• **What you should do**
Once the line holding "長葛市久諾機械制造有限公司(長葛市雙箭機" is found in the entries below, transcribe exactly every line up to and including the one holding "陶大磊一天天不干正事,自己不", but leave out the pictures.

• **Records for processing**
——————————

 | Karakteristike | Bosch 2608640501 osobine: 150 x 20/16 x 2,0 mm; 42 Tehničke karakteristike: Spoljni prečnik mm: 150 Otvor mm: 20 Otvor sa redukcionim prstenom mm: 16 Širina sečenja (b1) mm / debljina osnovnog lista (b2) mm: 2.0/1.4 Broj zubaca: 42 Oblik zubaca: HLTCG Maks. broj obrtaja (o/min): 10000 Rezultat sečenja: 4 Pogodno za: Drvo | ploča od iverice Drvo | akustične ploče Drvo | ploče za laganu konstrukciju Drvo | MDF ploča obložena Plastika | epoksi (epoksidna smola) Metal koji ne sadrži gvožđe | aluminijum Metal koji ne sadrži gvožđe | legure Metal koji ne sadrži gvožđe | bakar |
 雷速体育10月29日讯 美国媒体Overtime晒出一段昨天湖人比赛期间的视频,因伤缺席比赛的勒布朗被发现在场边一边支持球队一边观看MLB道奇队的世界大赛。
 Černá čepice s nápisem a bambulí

——————————

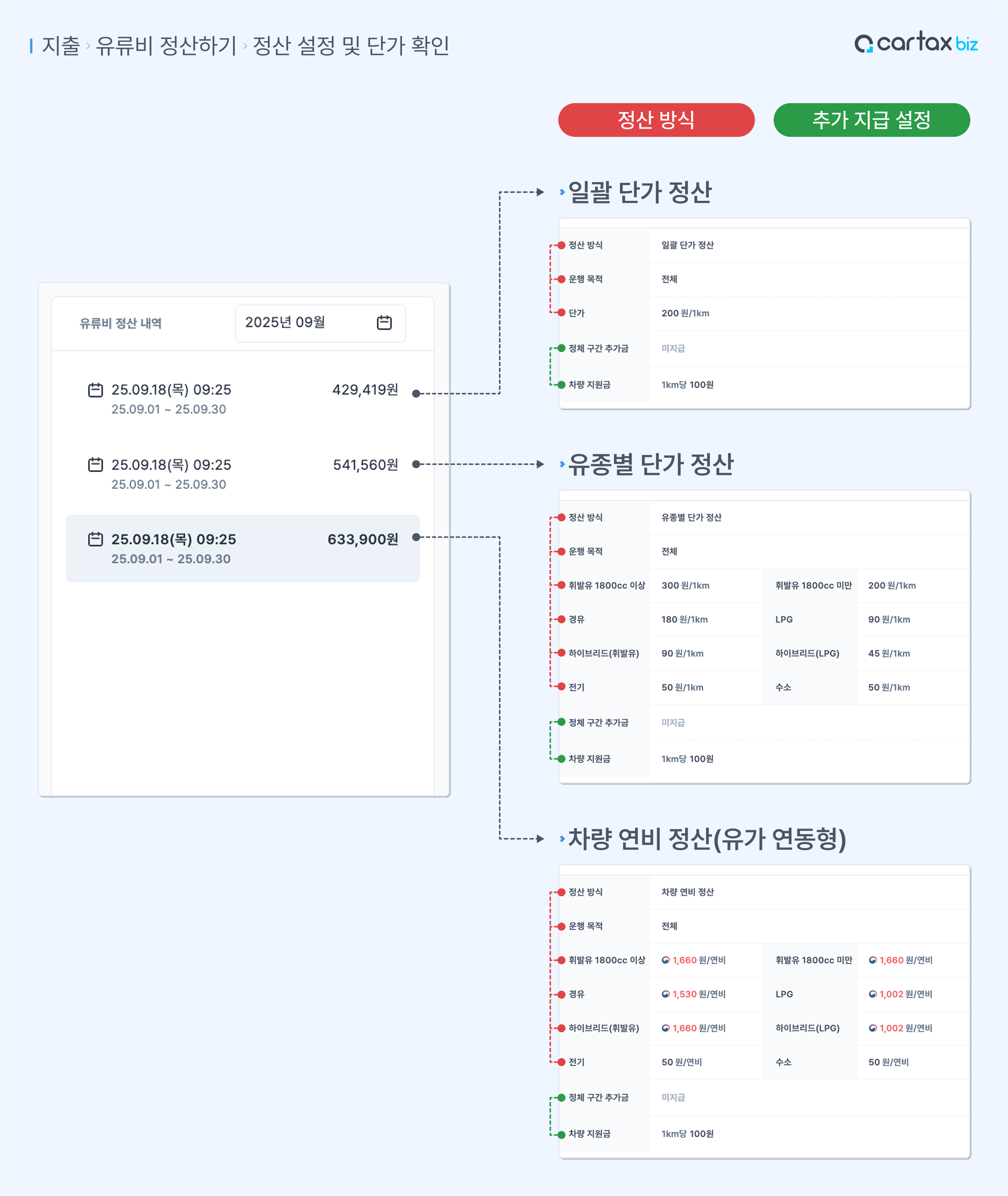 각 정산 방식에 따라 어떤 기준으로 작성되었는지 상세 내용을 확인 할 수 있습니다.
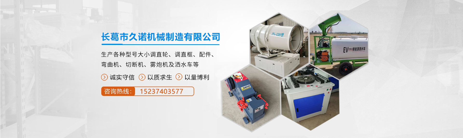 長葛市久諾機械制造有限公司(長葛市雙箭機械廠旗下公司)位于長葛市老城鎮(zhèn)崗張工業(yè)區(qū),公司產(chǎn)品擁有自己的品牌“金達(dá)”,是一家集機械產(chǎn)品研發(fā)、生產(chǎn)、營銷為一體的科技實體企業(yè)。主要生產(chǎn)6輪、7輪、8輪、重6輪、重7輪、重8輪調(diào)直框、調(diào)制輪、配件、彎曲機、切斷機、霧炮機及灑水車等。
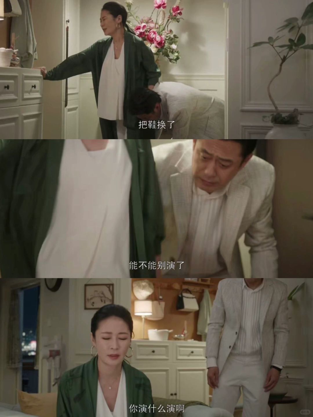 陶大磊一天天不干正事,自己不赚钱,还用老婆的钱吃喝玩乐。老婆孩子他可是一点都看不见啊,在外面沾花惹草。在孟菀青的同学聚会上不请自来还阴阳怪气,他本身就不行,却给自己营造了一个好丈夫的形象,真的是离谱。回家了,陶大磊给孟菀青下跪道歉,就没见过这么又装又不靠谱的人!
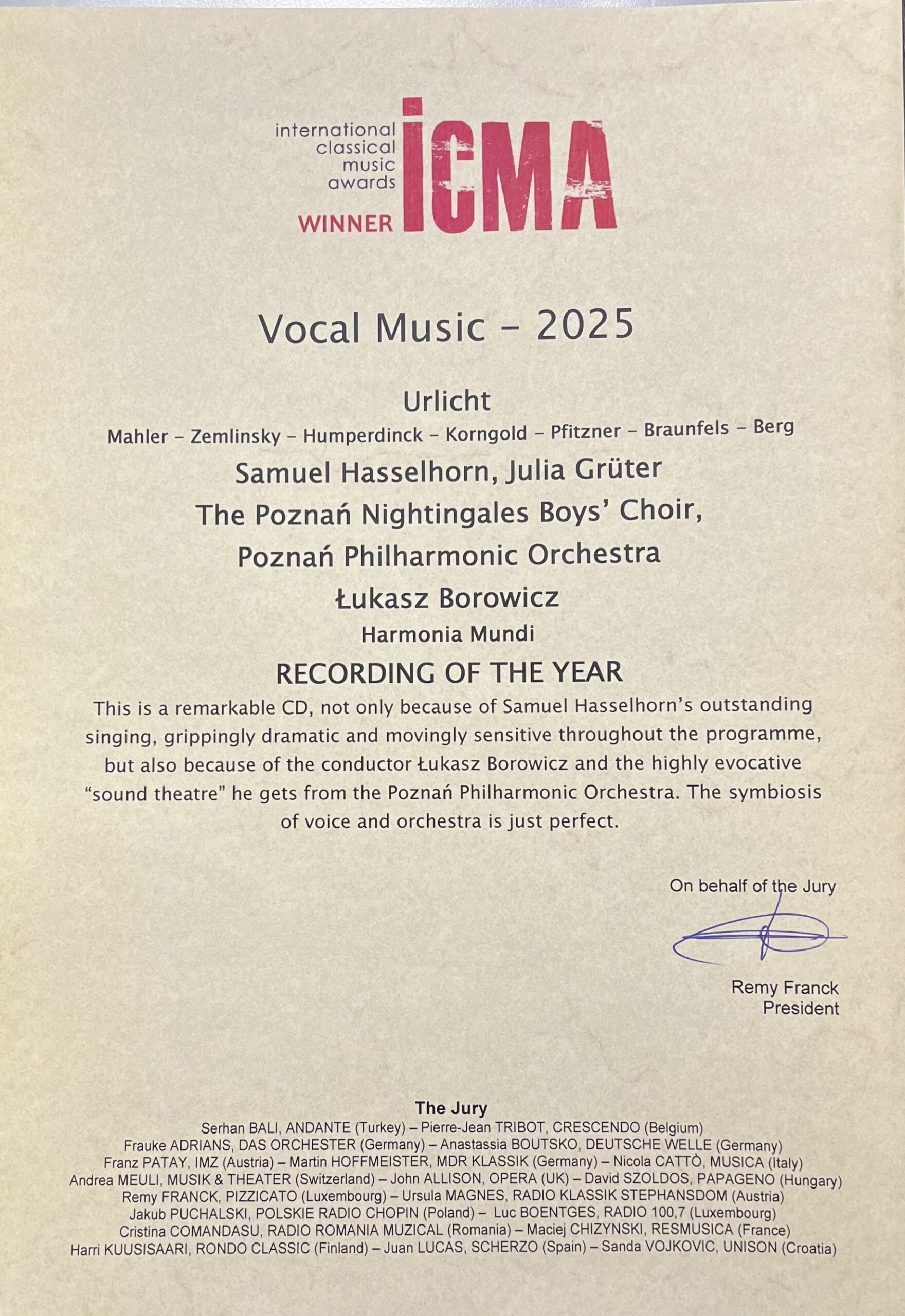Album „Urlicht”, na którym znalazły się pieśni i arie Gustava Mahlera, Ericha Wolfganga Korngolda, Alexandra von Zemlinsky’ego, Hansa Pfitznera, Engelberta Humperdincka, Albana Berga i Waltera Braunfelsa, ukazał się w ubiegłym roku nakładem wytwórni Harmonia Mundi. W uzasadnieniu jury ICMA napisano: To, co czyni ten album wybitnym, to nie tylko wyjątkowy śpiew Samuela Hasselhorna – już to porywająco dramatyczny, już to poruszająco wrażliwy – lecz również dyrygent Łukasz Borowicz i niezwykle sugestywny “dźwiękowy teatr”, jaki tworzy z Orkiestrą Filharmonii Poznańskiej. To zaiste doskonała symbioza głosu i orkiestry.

——————————

• **Result for this task**
 長葛市久諾機械制造有限公司(長葛市雙箭機械廠旗下公司)位于長葛市老城鎮(zhèn)崗張工業(yè)區(qū),公司產(chǎn)品擁有自己的品牌“金達(dá)”,是一家集機械產(chǎn)品研發(fā)、生產(chǎn)、營銷為一體的科技實體企業(yè)。主要生產(chǎn)6輪、7輪、8輪、重6輪、重7輪、重8輪調(diào)直框、調(diào)制輪、配件、彎曲機、切斷機、霧炮機及灑水車等。
 陶大磊一天天不干正事,自己不赚钱,还用老婆的钱吃喝玩乐。老婆孩子他可是一点都看不见啊,在外面沾花惹草。在孟菀青的同学聚会上不请自来还阴阳怪气,他本身就不行,却给自己营造了一个好丈夫的形象,真的是离谱。回家了,陶大磊给孟菀青下跪道歉,就没见过这么又装又不靠谱的人!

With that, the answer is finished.